あとに残されたのは、俺と小太刀さんの二人だけ。
しかも小太刀さんに抱きつかれた状態でだ。
「火垂ちゃん……」
小太刀さんが心配そうな声でつぶやく。
なんか今日は、弓月の情緒が不安定だった気がする。
本気で不満を抱えていそうな、そんな声色だと感じることが何度かあった。
普段コメディリリーフなやつが本気のトーンになっても、俺もどうしていいか分からなくなる。
「弓月のやつ、何かあったんですかね……ていうか、そろそろ離れません?」
「あっ……そ、そうですね。あはははっ、私ってば、酔っていてつい」
小太刀さんの温もりが、俺から離れていく。
赤くした頬を、ぽりぽりとかく小太刀さん。
俺から視線を逸らしている姿は、酔っている小太刀さんというよりも、普段の小太刀さんのようだ。
なんか空気が変だ。いつもと違う。
いや、いつもと違うのは、今に始まったことじゃない。ダンジョン探索のときからだ。
今の回転寿司店での会議も、みんな一時的にいつも通りを演じていただけなのかもしれない。
俺は、いつも通りをしていてはいけない理由を積み残している。
忘れていたわけじゃないが、それを言い出せる空気を作れなかった。
弓月はそんな俺を見かねて、場を作ってくれたのだろうか。
分からない。それだけではない気もするが。
でも、今しかないとも思った。ここで言い出さないようなら、永久に無理だろう。
「あの、小太刀さん」
「は、はひっ!」
俺の声のトーンが、いつもと違うことに気付いたのだろうか。小太刀さんが一気に緊張した様子を見せる。

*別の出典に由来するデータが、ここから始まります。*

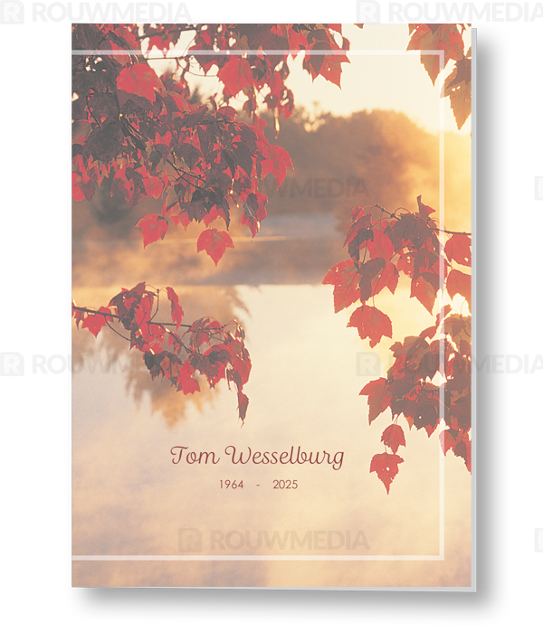 Rouwkaart met herfstbladeren in zonlicht boven water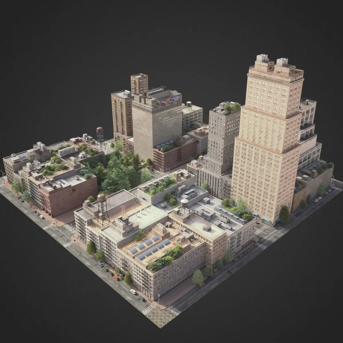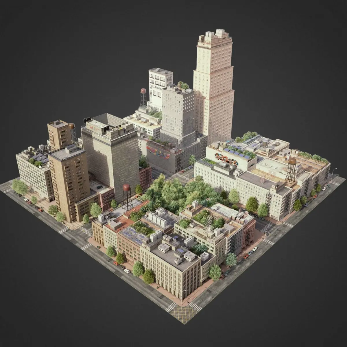 This is full 3d city model modeled based on americans cities. This is real world scale model. Whole scene setuped and fully ready to render. All materials setuped in Vray. Light setuped by HDRI and Dome light.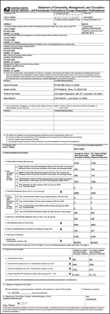 Unless such certificate is redeemed according to law, the property described shall be sold to the highest bidder in the Courtroom on the 2nd floor in the Taylor County, FL Courthouse on the 13th day of October 2025 at 11 o’clock a.m.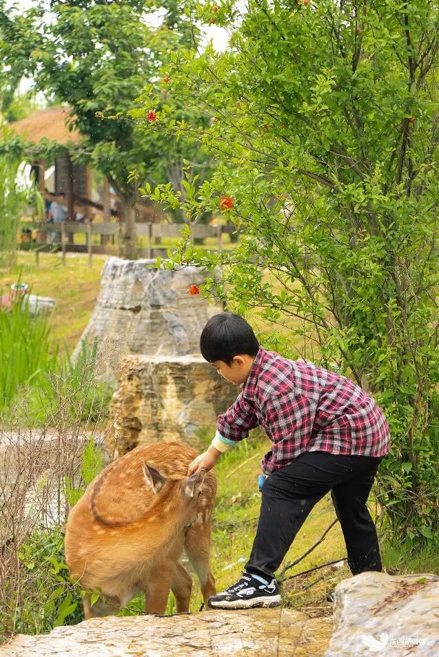 记者看到在很多天幕前的草地上都可以看见梅花鹿在静静地吃着草,有小朋友靠近,梅花鹿也不会跑开而是温顺的让人抚摸,这一刻仿佛进入一个童话世界,让人内心充满温暖。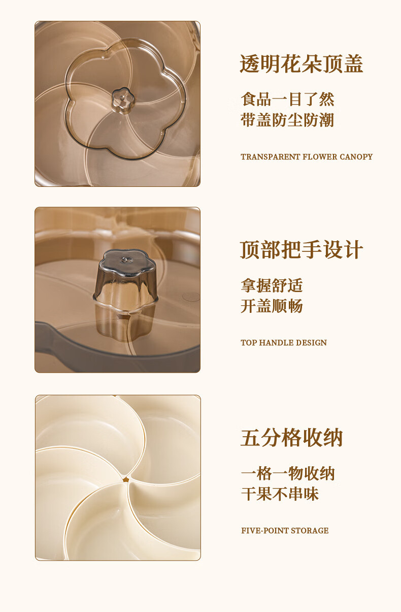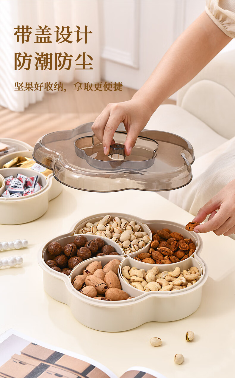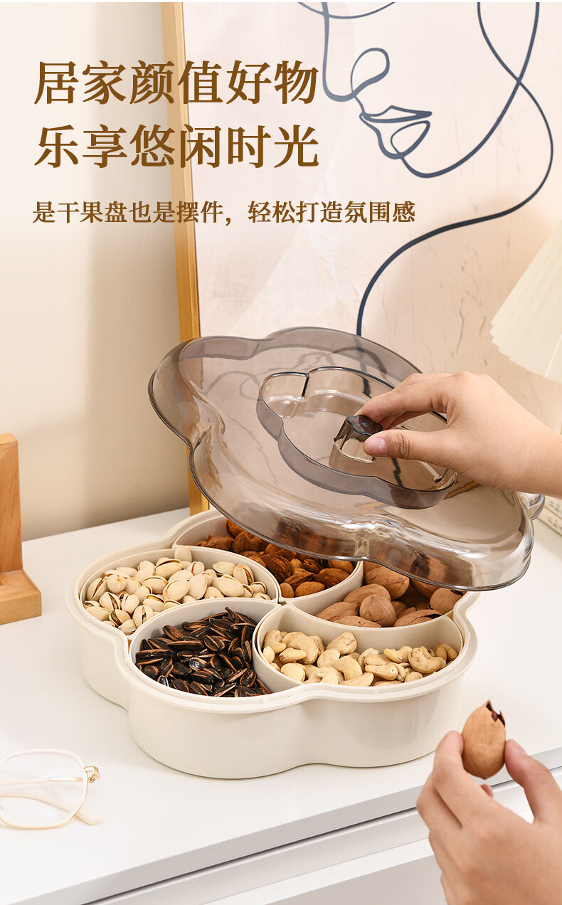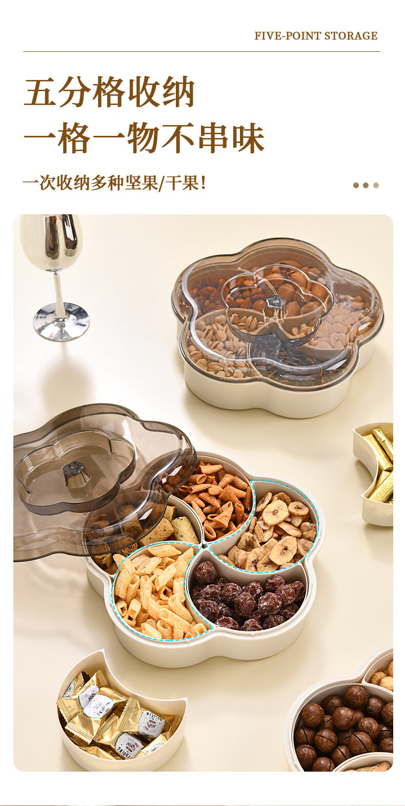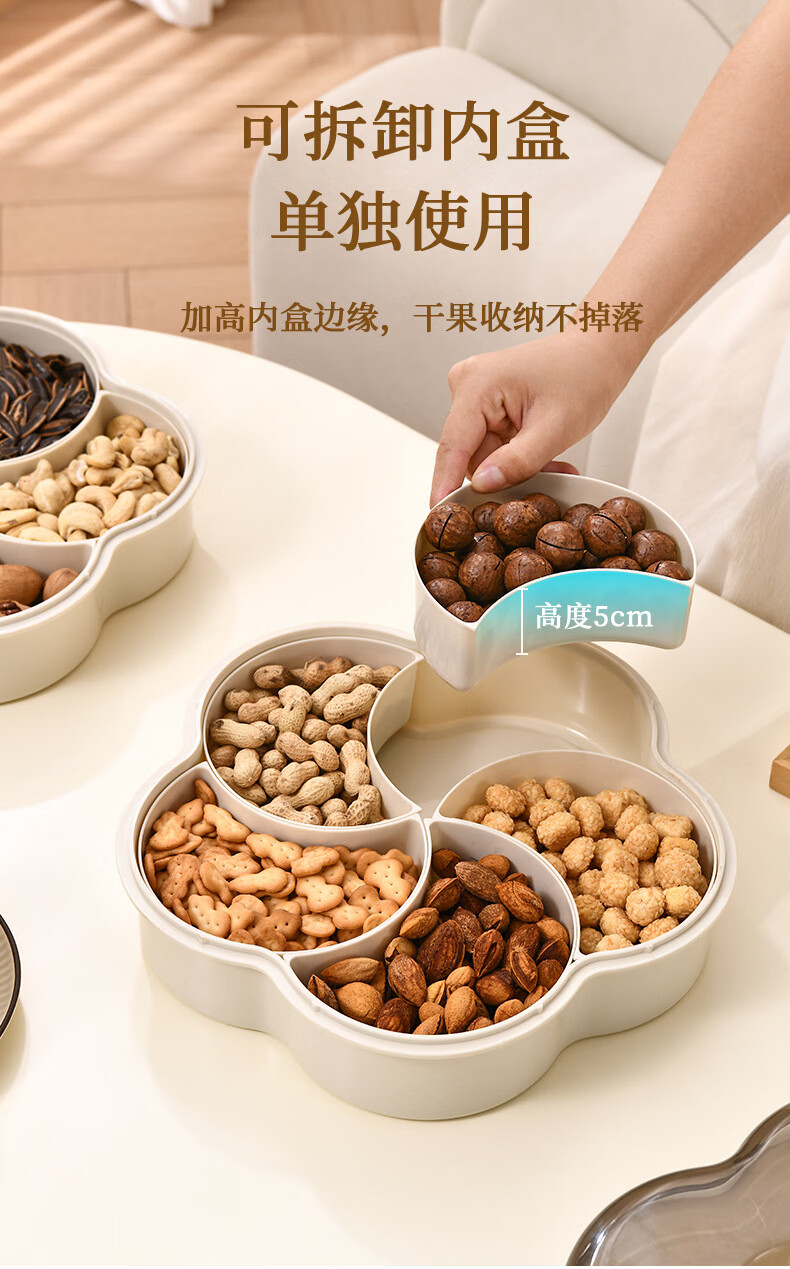 Pengjing Fruit Plate Home Living Room Coffee Table Candy Box Dried Fruit Plate Fruit Plate Housewarming Snacks Nut Storage 5-Gate Dried Fruit Box
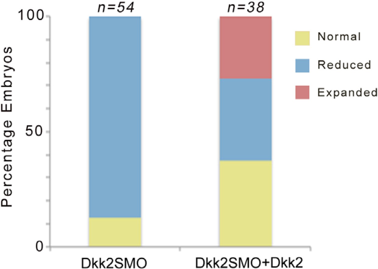 Quantification of the Dkk2SMO phenotype. The number of embryos analyzed (n) is indicated on the top of each bar.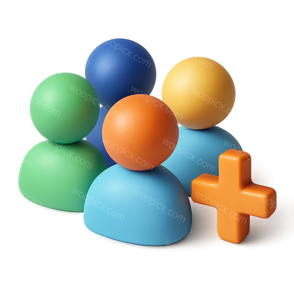 A vibrant 3D representation of multiple user profiles, featuring colorful, rounded shapes. The design includes a plus icon, symbolizing addition or new users, set against a soft gradient background.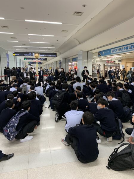 中学3年生は2班に分かれて鹿児島・熊本に修学旅行へ向かいます。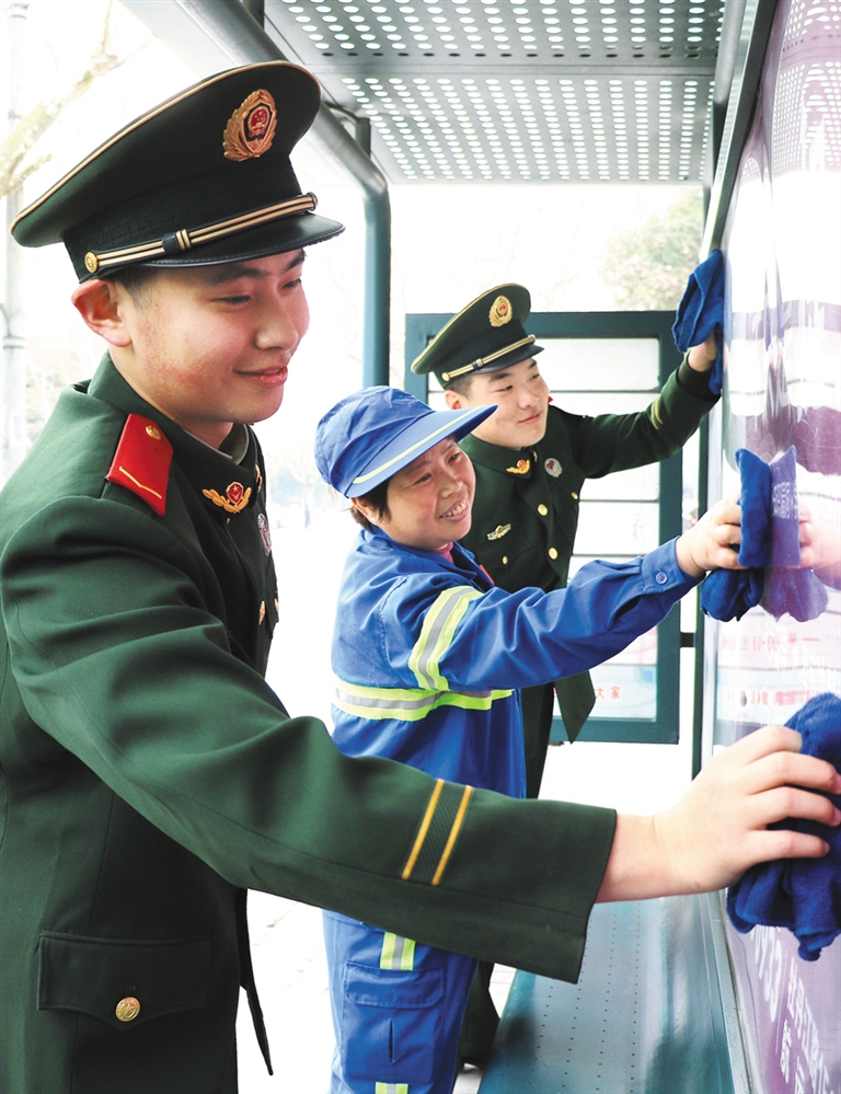 3月1日,武警上海总队七支队官兵和环卫职工一起清洁公交站台。 3月5日学雷锋日到来前夕,不少地方展开多种形式的学雷锋活动,以实际行动弘扬雷锋精神。 新华社记者 陈飞 摄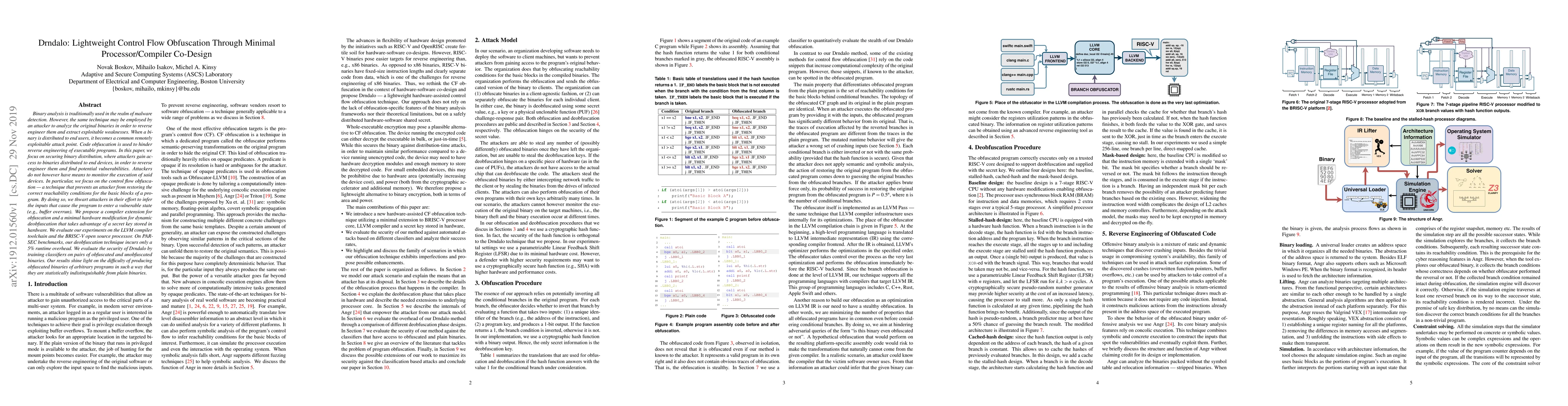 This paper proposes Drndalo, a lightweight control flow obfuscation technique through minimal processor/compiler co-design, aimed at securing binaries against reverse engineering. It employs a compiler extension and minimal hardware modification for dynamic deobfuscation, achieving only a 5% runtime overhead on PARSEC benchmarks.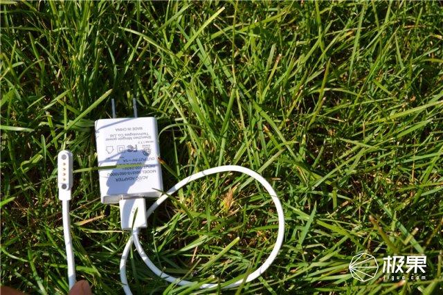电源盒里是放置了无人机和遥控智能手表的充电器,和一套无人机的备用垫脚。无人机的电源输出参数为12.6V/4A,共50.6W,采用了无人机所常用的双脚插头,无人机端打开电池盖取出电池适配充电。
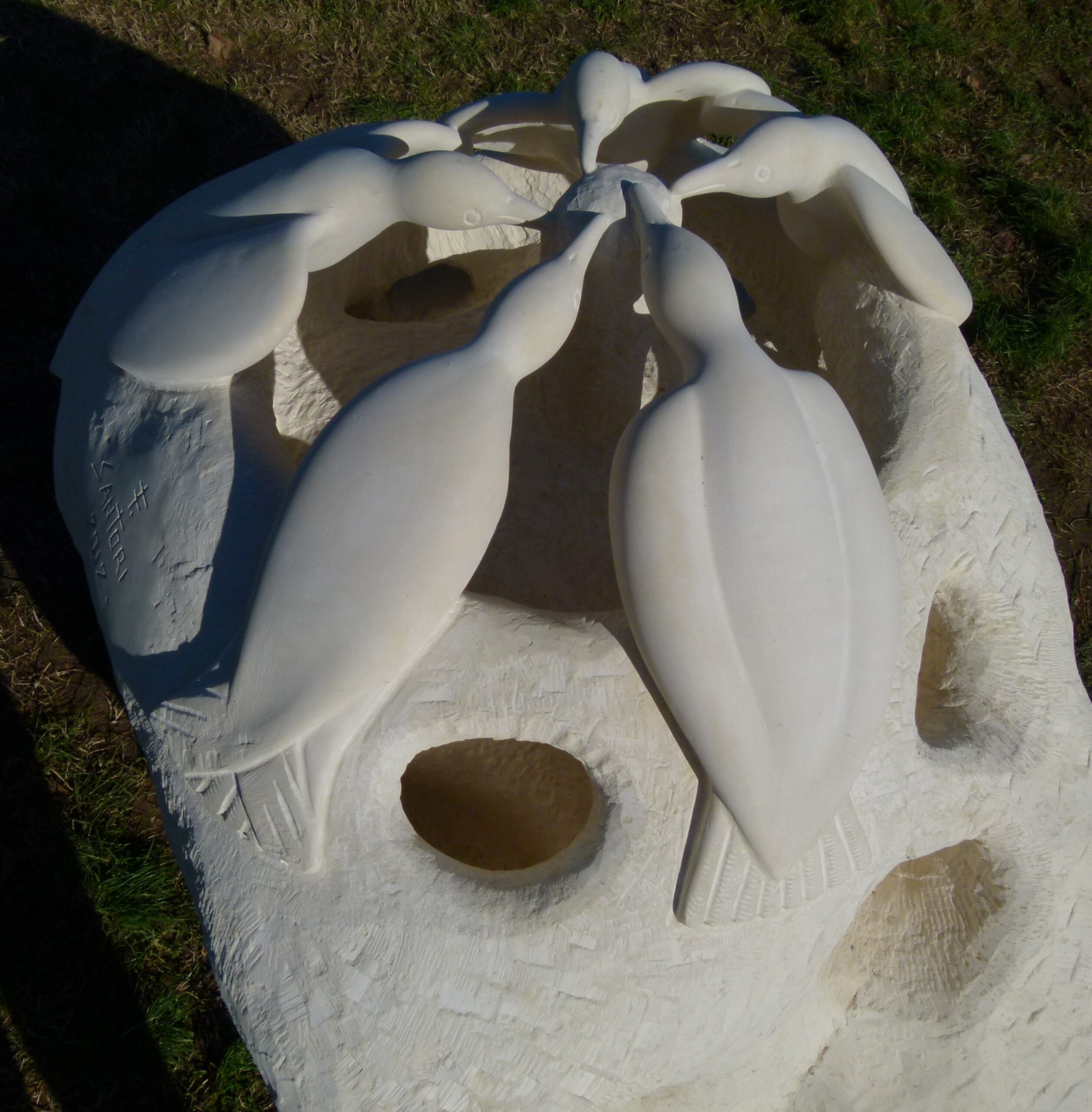 Scolpita su pietra della Majella, l’opera rappresenta i cinque continenti raffigurati da colombe che si incontrano nel dialogo. La scultura fu realizzata su input della Consulta per la fratellanza tra i popoli del comune di Grottammare ed era stata collocata ai piedi di un alberello di ulivo simbolico (pure martoriato dai vandali), il 10 dicembre 2012, nel giorno della ricorrenza della Dichiarazione universale dei diritti umani.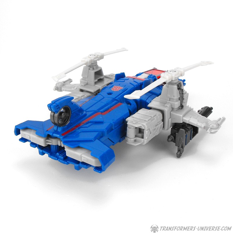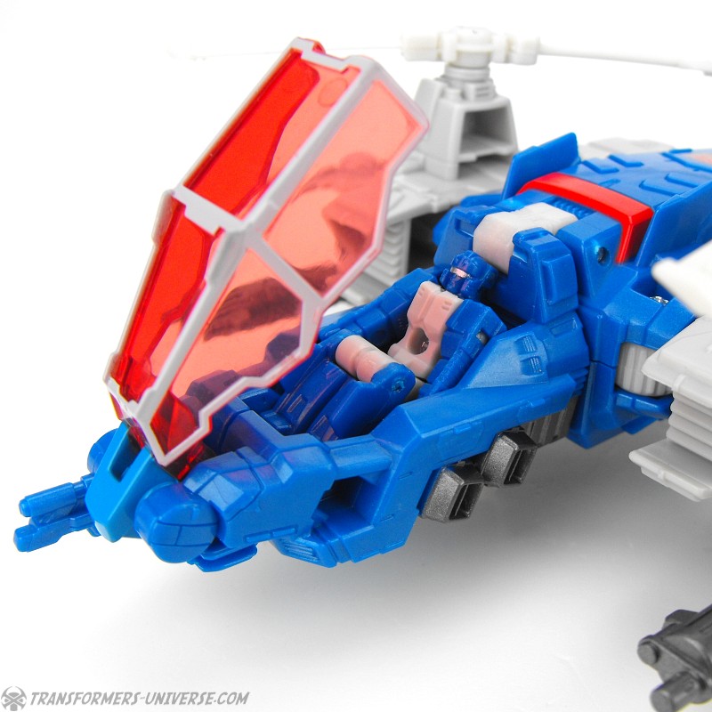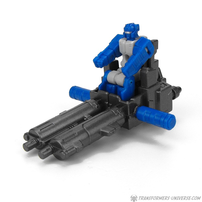 Alternate Mode: Highbrow transforms into a futuristic two-prop helicopter. It’s pretty much the exact same alternate mode as the G1 toy, just a tad more detailed and streamlined. The cockpit opens up so you can seat Xort (see below) inside and you can mount Highbrow’s two guns under the wings. Or rather, you HAVE to mount Highbrow’s guns under the wings, because the rear wheels of the landing gear are actually part of the guns, only the front wheel is part of the actual toy. Also, if you mount the guns as depicted in the instruction sheet, the landing gear is turned sideways instead of down (maybe it’s meant to be retracted here?).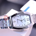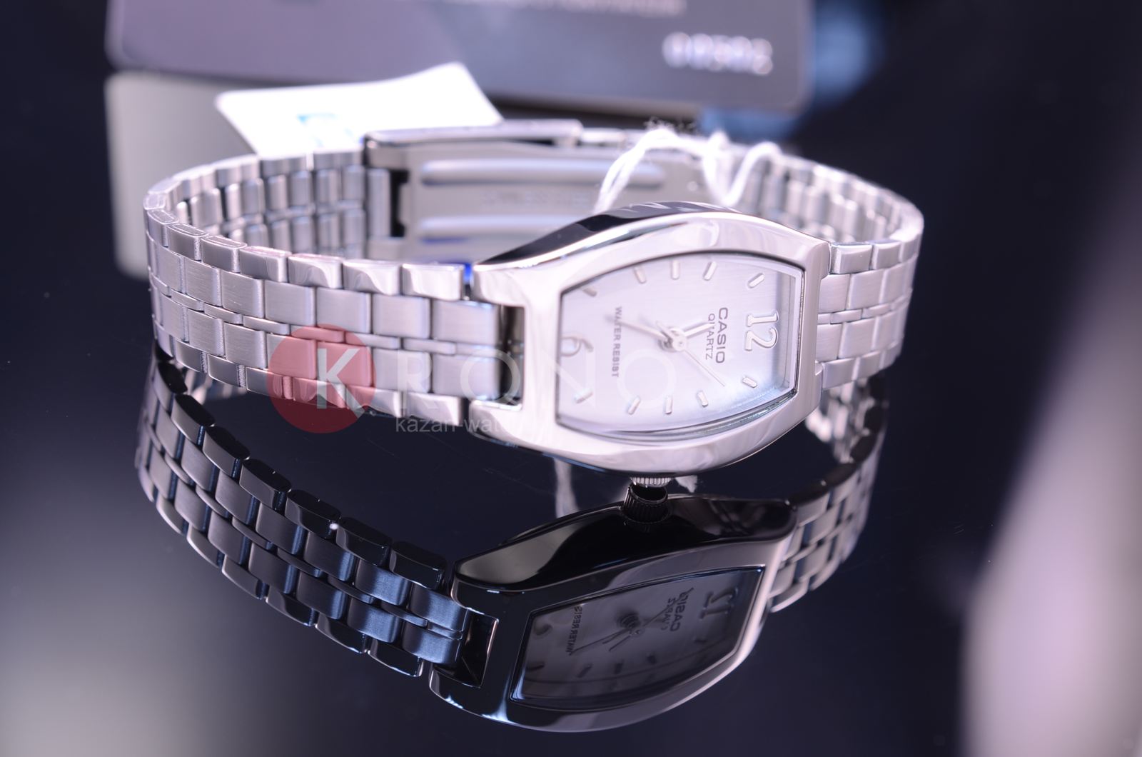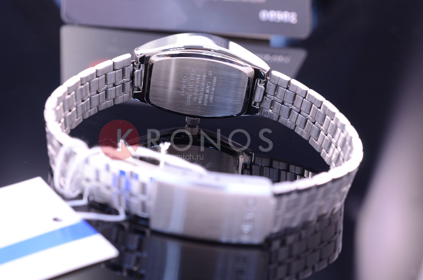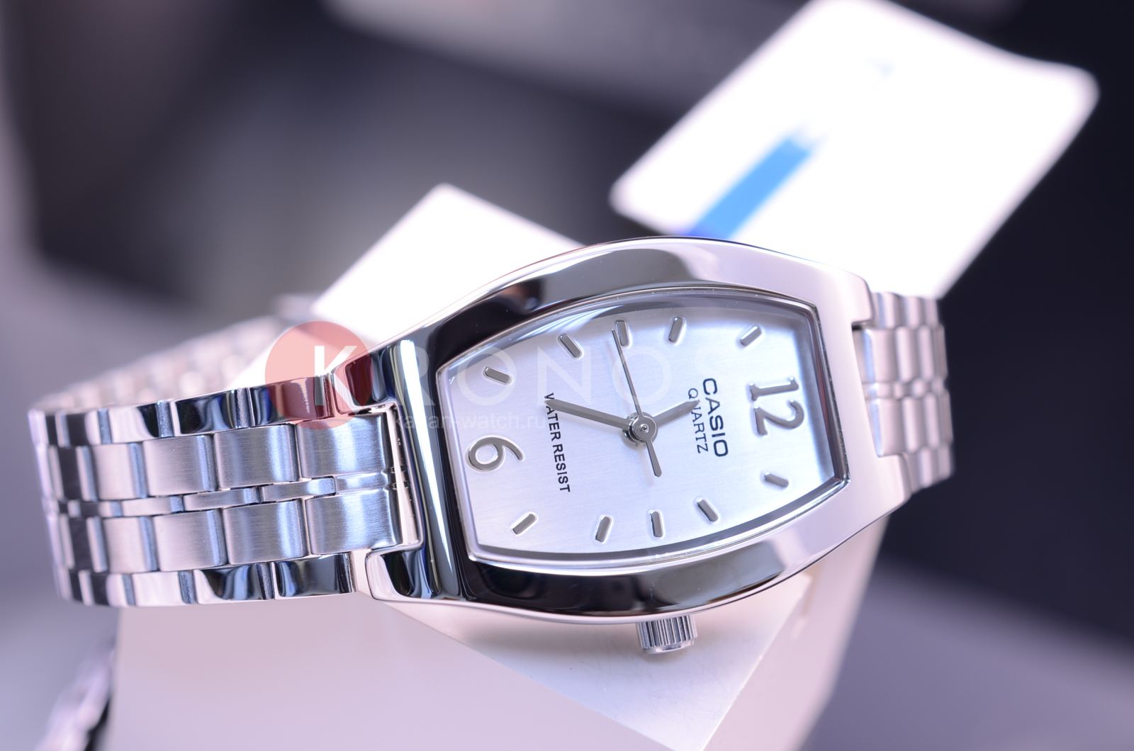 Элегантная модель от Casio отличается привлекательным и удобным дизайном. Выпуклый по бокам корпус выполнен из гипоаллергенной латуни. На светло-серебристом циферблате расположены временные отметки, сделанные в виде штрихов и арабских цифр. Гладкий, серебристый браслет сделан из нержавеющей стали и включает в себя складную застежку. Часы работают от батарейки, срок службы которой составляет 3 года. Вес аксессуара равен 48 граммам.

周囲にはたくさんの人通りがある。でも今の俺には、小太刀さん以外の人々などは、すべてが取るに足らないモブとしか感じられなかった。
「あの……俺、小太刀さんのことが、好きです」
言った。
言ってやった。
あまりにも遅すぎたし、これだけじゃ全然足りないようにも思うが、ともあれ俺の口から自分の想いをはっきりと言った。
これだけは絶対、やらなきゃいけないことだと思っていた。
もっとロマンティックなシーンで言わないとダメだとか、いろいろと考えたけど、そんな難しいことを考えていたら実行力を失ってしまう。
「……はい。私も、六槍さんのことが好きです」
小太刀さんが、そう応じてきた。
頬は真っ赤で、ガチガチに緊張している様子だった。
たぶん俺も、似たような顔をしているんだろう。
いいのかな。
いいんだろうか。
──えぇい、ままよ。
俺は小太刀さんの腰と背中に手を回して、抱き寄せる。
小太刀さんは一瞬だけ驚いた様子を見せたが、やがて俺に身を任せて、まぶたを閉じた。
俺は小太刀さんの唇に、唇を重ねた。
小太刀さんの腕が、俺の背中へと回され、ぎゅっと抱きしめてきた。
俺もまた、小太刀さんの体を、強く抱きしめ返す。
心地よくて、温かくて、大好きな人の感触。
俺はそれをいつまでも感じていたくて、ずっと長い間、小太刀さんを抱き続けていた。